Chemin de salut
Il a forcé sa clôture comme celle d’un jardin, il a détruit son lieu de rencontre. (Lamentations 2, 6)
Les arts et la culture, la littérature et la poésie servent entre autres à exorciser, par la dramaturgie, les malheurs de l’histoire et de l’âme humaine. L’œuvre d’art sert ainsi parfois de thérapie.
Le livre des Lamentations, comme son nom l’indique, est un recueil de cinq poèmes de complainte et de deuil. Le travail du poète se fait exercice spirituel et transcende les évènements tragiques qui se déroulent sous ses yeux.

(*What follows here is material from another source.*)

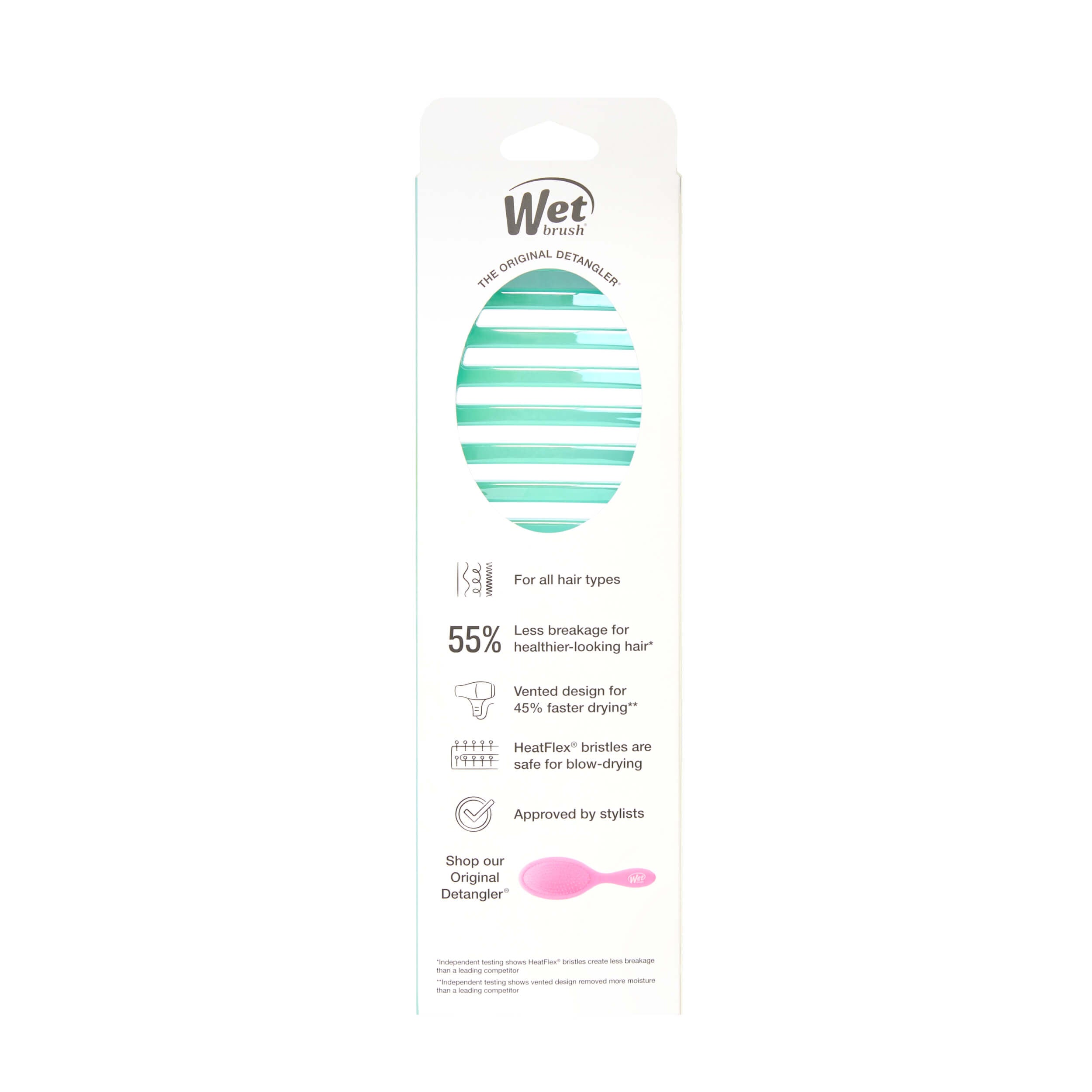 †Independent testing shows IntelliFlex® bristles create less breakage than a leading competitor. Results may vary based on hair type.

Le poète interprète donc la chute de Jérusalem et la destruction du Temple par l’armée babylonienne comme une action du Seigneur. « Il a forcé… » « Il a détruit… » Voir ainsi Dieu à l’œuvre sous les traits du destructeur peut paraître hasardeux, voire choquant. Comment Dieu pourrait-il soutenir l’effort d’un ennemi et orchestrer la calamité qui frappe ?
En discernant le bras du Seigneur, Jérémie dépasse la révolte et le désespoir. Il invite aussi ses lecteurs à revenir au cœur de leur foi au « Dieu Un ». Son processus le pousse ainsi à l’introspection et à l’examen des responsabilités de son peuple. Devant le désastre, il a le courage de ne pas se voir comme une victime. « Réfléchissons à nos voies, examinons-les à fond »[1] appelle-t-il.
Car l’exercice du poète l’a mené au cœur de son être : « Voici à quoi je réfléchis, voici pourquoi j’attends : C’est que la fidélité du Seigneur n’est pas épuisée, que sa compassion n’est pas à son terme ; elle se renouvelle chaque matin. Grande est ta constance ! »[2] La découverte au plus profond de l’être d’une Présence constante à laquelle on peut exprimer sa peine et sa plainte, ouvre sur une Rencontre d’où peut renaître la confiance. « Tu m’as entendu. »[3]
Le retour à Dieu, l’Unique, est toujours chemin de salut.